This has a few practical implications for how AAFS plays out, compared to WFLL 1.

First, in WFLL 1, there is a decent chance (maybe 50:50), that AI systems will leave some humans alone (though still mostly disempowered). This is because the sensory window was so well-defined that it was too hard for AI systems to cause extinction without it showing up on their sensors and metrics. In AAFS, this is much less likely, because the sensory window is easier to fool.

Second, in AAFS, the point of no return will happen sooner than in WFLL 1. This is because it will require a lower level of capabilities for systems to take control without it showing up on the (more poorly defined) sensory window.

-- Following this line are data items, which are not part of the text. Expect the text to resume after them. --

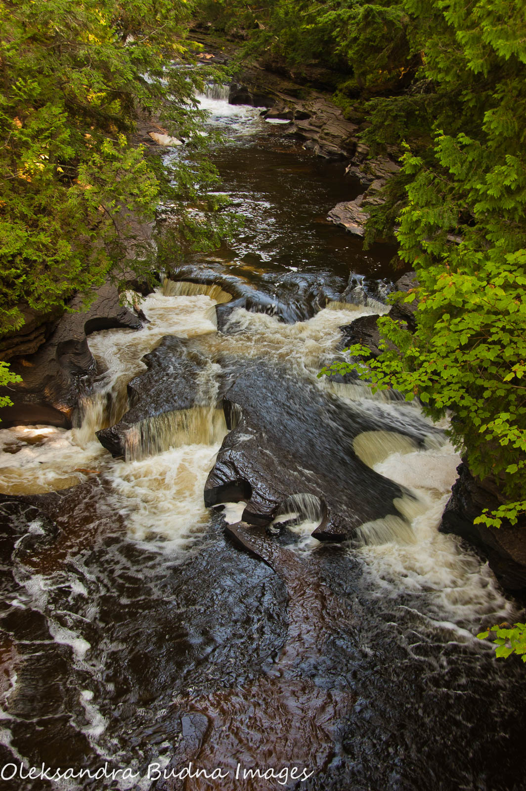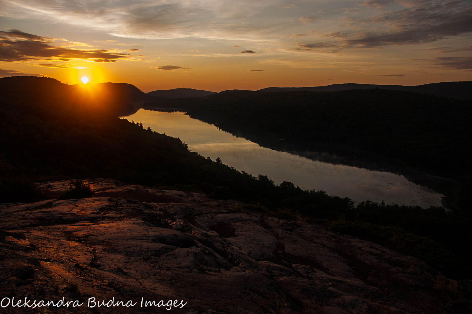 In my previous post, I wrote about the first part of our Lake Superior Circle Tour, which included a train ride through Agawa Canyon and exploring Pictured Rocks National Lakeshore. After we left the Bay Furnace campground near Pictured Rocks, we made a few stops at various waterfalls and arrived at Porcupine Mountains shortly after sunset. The Lake was unusually quiet and perfectly smooth, and the transition between water and sky was seamless, almost invisible.
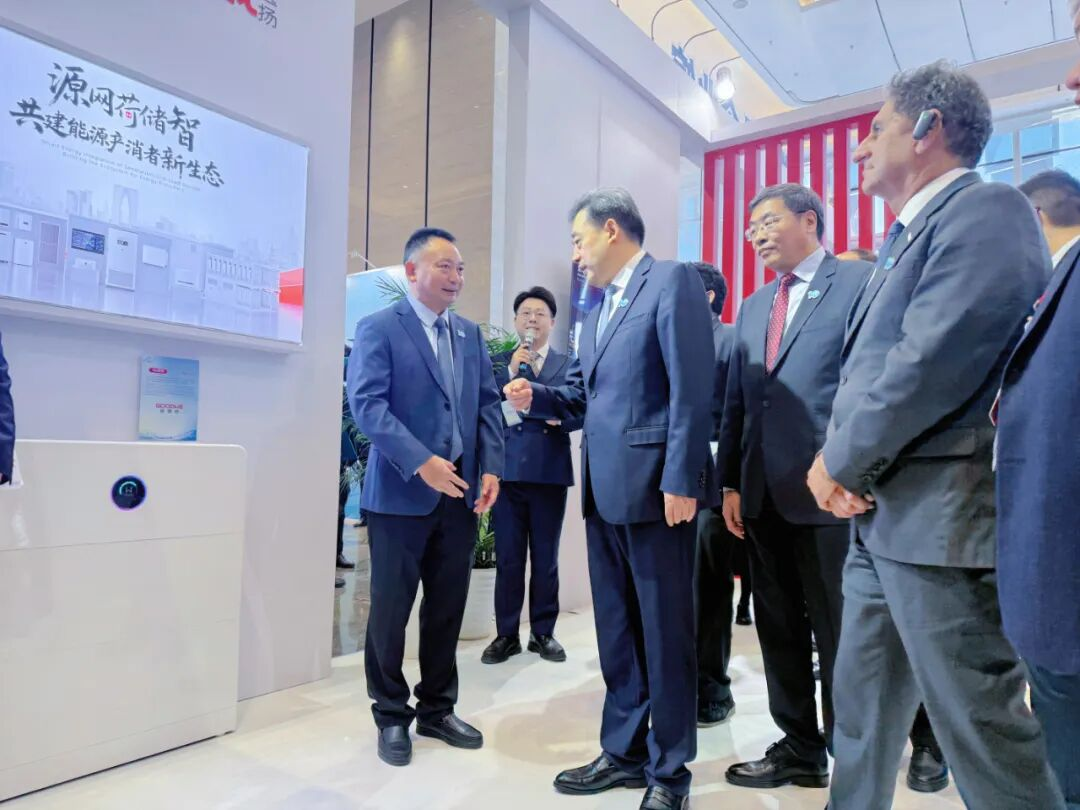 国家能源局局长王宏志等领导莅临固德威展台参观指导,黄敏董事长详细介绍了固德威以源、网、荷、储、智为战略的发展主线,以及光储产品、光电建材、空气源热泵、智慧能源、分布式光储系统开发,为全球提供户用、工商业和地面三大场景的整体解决方案。王宏志局长详细询问了固德威智慧能源融合领域的实践情况,并对固德威在国际能源变革中的担当表示肯定。
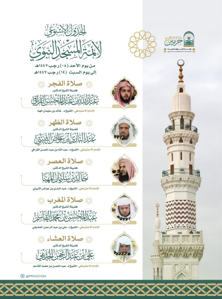 ثانيًا: جدول أئمة المسجد النبوي:
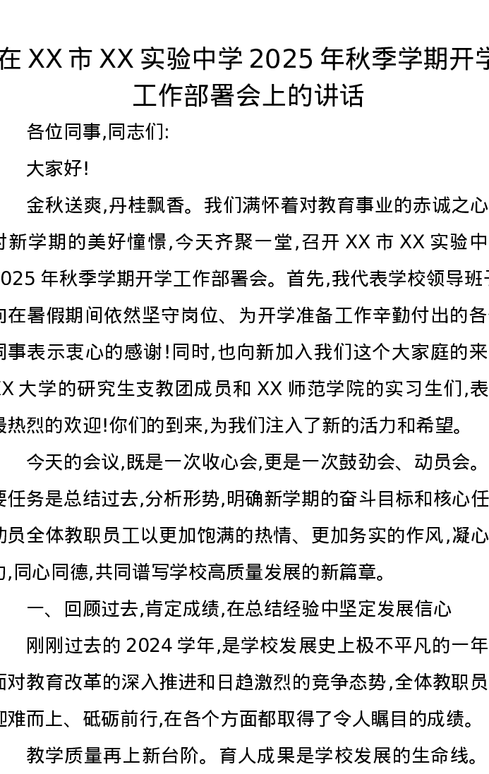 在XX市XX实验中学2025年秋季学期开学工作部署会上的讲话

Third, in AAFS, warning shots (i.e. small- or medium-scale accidents caused by alignment failures, like the ‘factory colludes with auditors’ example above) are more likely and/or severe than in WFLL 1. This is because more possible accidents will not show up on the (more poorly defined) sensory window.^[8] A further implication here is that competitive pressures probably need to be somewhat higher - or AI progress somewhat faster - than in WFLL 1, to explain why we don’t take steps to fix the problem before it’s too late.

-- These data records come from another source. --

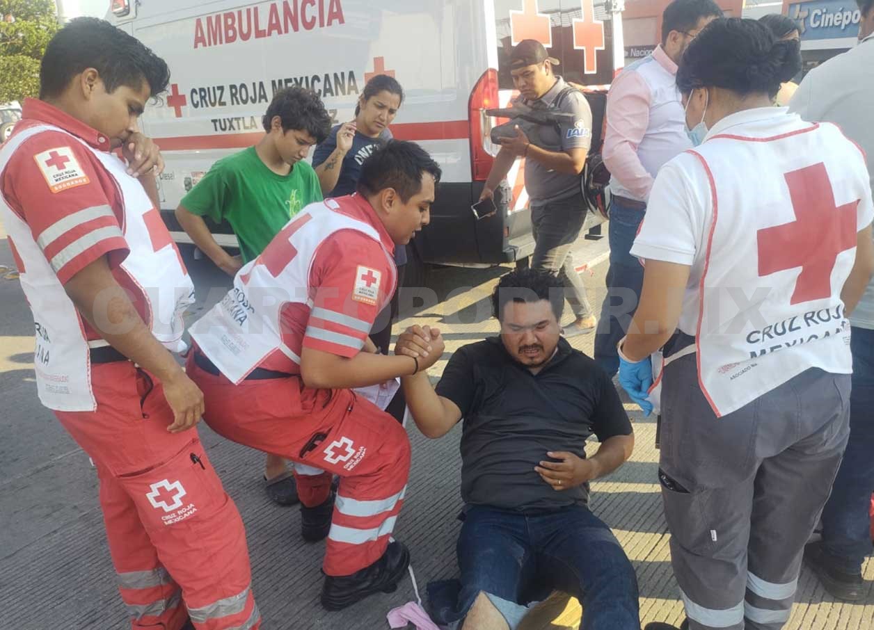 Con múltiples lesiones en sus extremidades terminó un joven motociclista luego de ser impactado por un vehículo particular sobre la 5.ª avenida Norte, justo frente a “Plaza Sol” (Las Américas), en la zona norte-poniente de Tuxtla Gutiérrez.
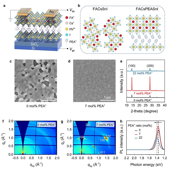 图1.(a)锡基钙钛矿型晶体管结构示意图。(b)PEA+诱导FA0.9Cs0.1SnI3钙钛矿晶体结构变化示意图。(c)未处理和优化后(d)锡基钙钛矿薄膜的SEM图像。(e)不同PEA+浓度下锡基钙钛矿膜的XRD衍射图谱。未处理(f)和优化后(g)锡基钙钛矿薄膜的GIWAXS散射图。(h)不同PEA+浓度下Sn基钙钛矿薄膜的稳态荧光图谱。
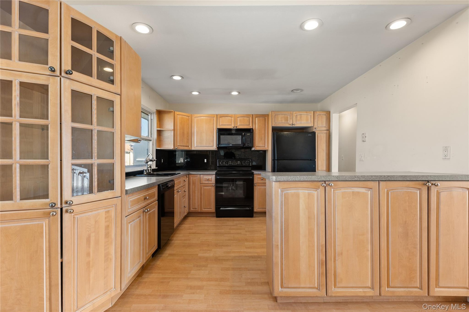 - Kitchen with black appliances, glass insert cabinets, recessed lighting, light wood-style floors, and backsplash
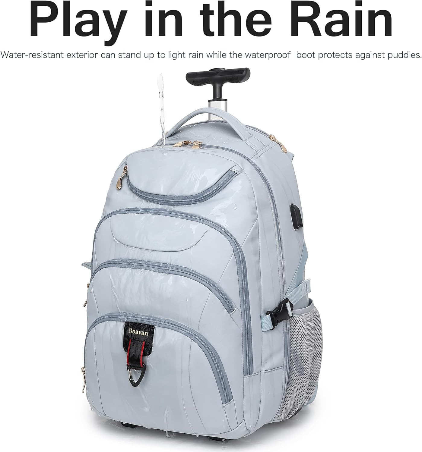 Boavan Rolling Backpack for Women, 17.3 Inch Wheeled Laptop Backpack,Large Travel Carry-On Bag for Teachers College Students, USB Charging Port Waterproof Business for Airplane Overnight Luggage,Blue
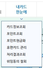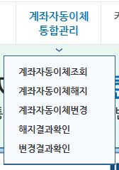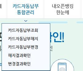 여러가지 조회할 수도 있고, 카드포인트를 현금화할 수도 있고, 계좌와 카드 자동이체 등록된 것을 조회하고 해지하는 메뉴도 있습니다.
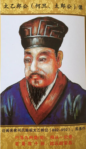 在此,要补充一个很特别的人,就是(892年至992年)唐进士,任福建宁化县令,升梅州太守,惠州太守,潮州刺史等职的何大郎。(见图5、6)何大郎后裔族谱的名称记载为何太郎、何泰郎、何亶等有十几种名称以上。为什么会形成这种奇怪的现象。其二、为什么何氏人口现在一千三百多万,何大郎后裔会有几百万(据说有800万、500万等,我估计人口应该有350万左右,希望撰修总谱能顺便人口普查得到一个精准的数字。)从中可见何大郎一族在何氏总人口占有分量之惊人的数量,从而奠定何氏人口占中国人口排列17名次的关键数。同时也显示出一个创造历史的伟大人物在历史长河的浑浊沙堆中掩盖不了的原因所在。何大郎的《遗嘱诗》是揭开许多谜团的指导依据,其内容用历史典故来喻义自身的经历、总结和强调人们团结、友善、创业,不忘根本。说《遗嘱诗》是发展高质量的人口战略理论思想、方针、筹划一点也不为过。做正自己、做大自己、做强自己,而成就实际正果,而不是高举屠刀,象唐未黄巢。争斗不是庐江何氏本色。庐江何大郎军政一体,勤廉善义不仅深刻影响了何氏后裔,也是直接溶入客家群体的优良品性,这品性,成为客家人在生活中有情有义,在劳动中具有硬劲,战争时期具备硬颈的特性!客家守护神定光佛祖在这千百年间孕育的“万佛”弟子不仅针对庐江何大郎后裔的保护,也是对客家群体的直接保护。何仙姑惩恶扬善,施医施药,镇邪扶正无不表现庐江何氏的精髓与活力!庐江何大郎后裔中出现有何仙姑、何执中、何天炯、何子渊……等历史人物无不体现家族成员与时俱进,为民生和国家命运肩负的责任。客家何大郎为庐江何氏辉煌的发展推向一个史无前例的高潮!

The next scenario demonstrates what happens when the objective function/sensory window is even closer to the bad extreme.

Production Web

Critch’s Production Web scenario is similar to WFLL 1 and AAFS, except that the objective functions used to train the systems are even less outer aligned. Specifically, the systems are trained to ‘maximise productive output’ or some similarly crude measure of success. This measure defines an even narrower sensory window onto the world than for the systems in WFLL 1 and AAFS - it isn’t even superficially aligned with what humans want (the AI systems are not trying to optimise for human approval at all).

‘Maximising productive output’ eventually means taking steps that aren’t desirable from the human perspective (e.g. using up resources critical to human survival but non-critical to machines, like drinking water and atmospheric oxygen).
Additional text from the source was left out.